Top of Task input

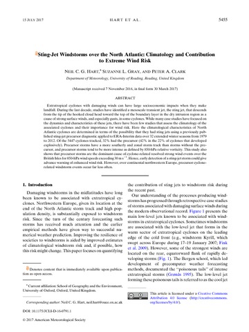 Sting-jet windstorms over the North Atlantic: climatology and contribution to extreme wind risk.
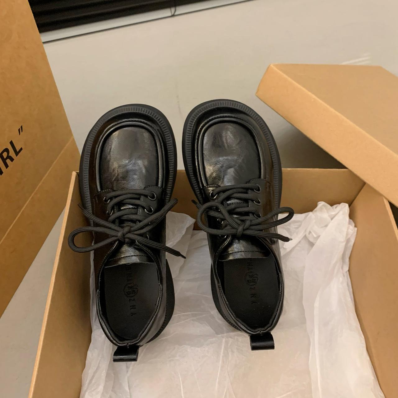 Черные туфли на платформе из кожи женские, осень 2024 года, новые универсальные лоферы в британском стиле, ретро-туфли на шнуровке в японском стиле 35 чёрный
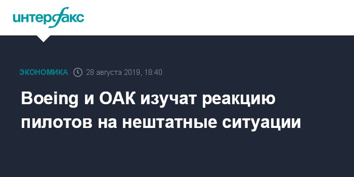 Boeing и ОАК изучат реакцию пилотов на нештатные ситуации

Bottom of Task input
Top of Task input

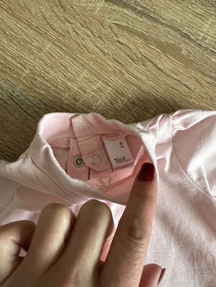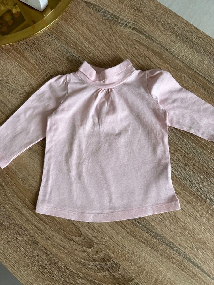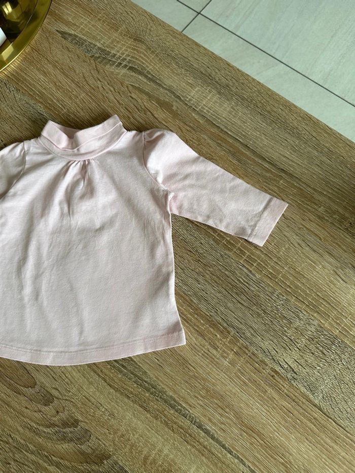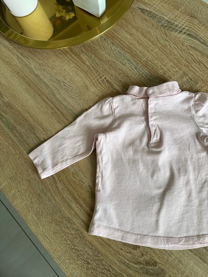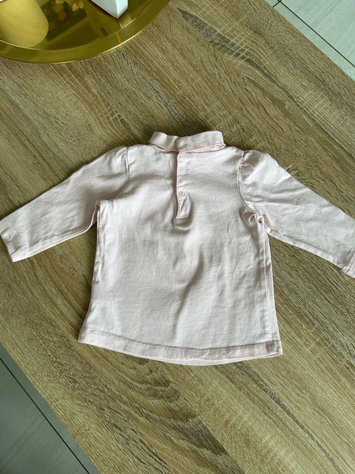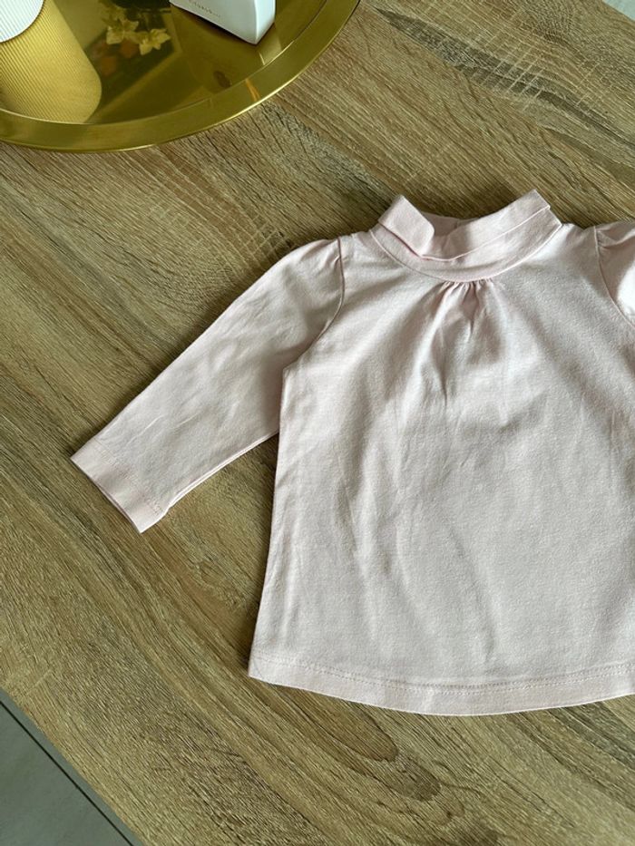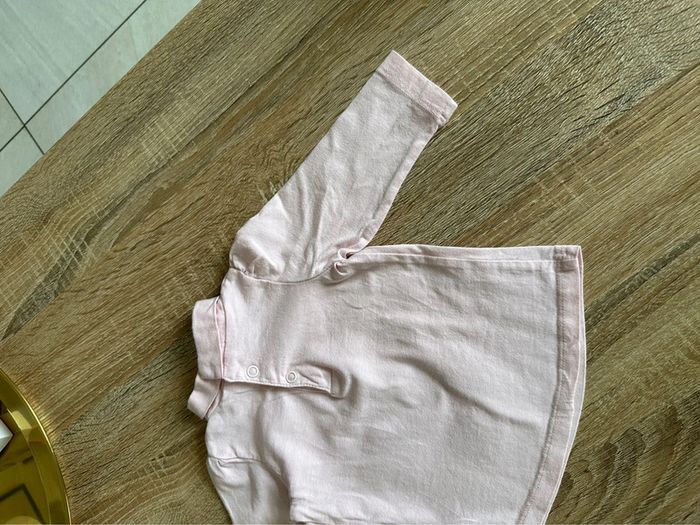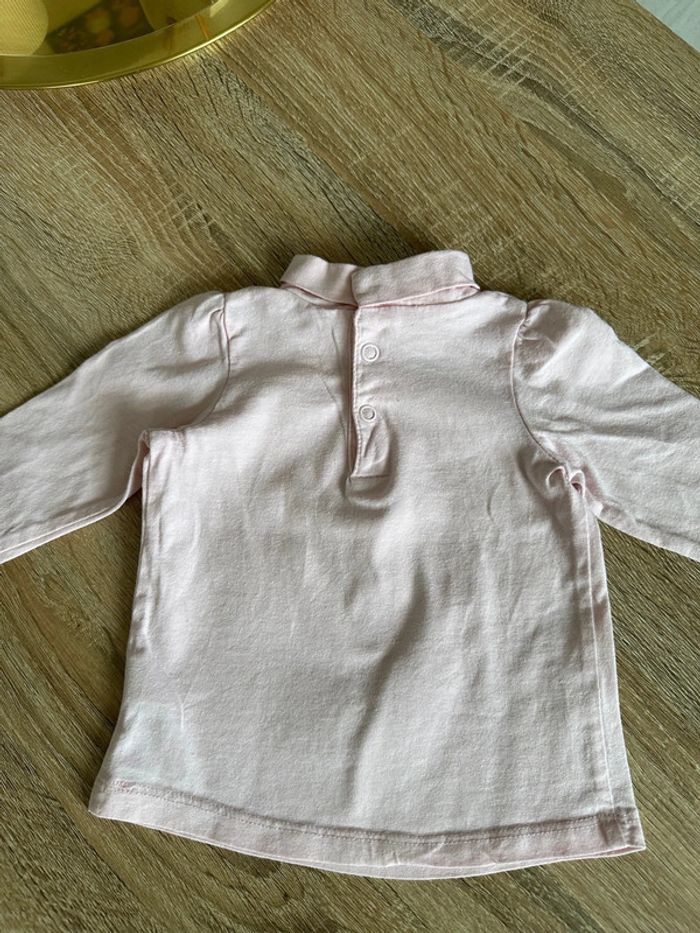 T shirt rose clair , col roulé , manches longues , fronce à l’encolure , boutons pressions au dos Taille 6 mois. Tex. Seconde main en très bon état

Bottom of Task input

### What to produce
Your answer should be the exact lines above from the one containing "Sting-jet windstorms over" through the one containing "Boeing и ОАК", with both end lines kept and the pictures removed, please.

### Answer section
 Sting-jet windstorms over the North Atlantic: climatology and contribution to extreme wind risk.
 Черные туфли на платформе из кожи женские, осень 2024 года, новые универсальные лоферы в британском стиле, ретро-туфли на шнуровке в японском стиле 35 чёрный
 Boeing и ОАК изучат реакцию пилотов на нештатные ситуации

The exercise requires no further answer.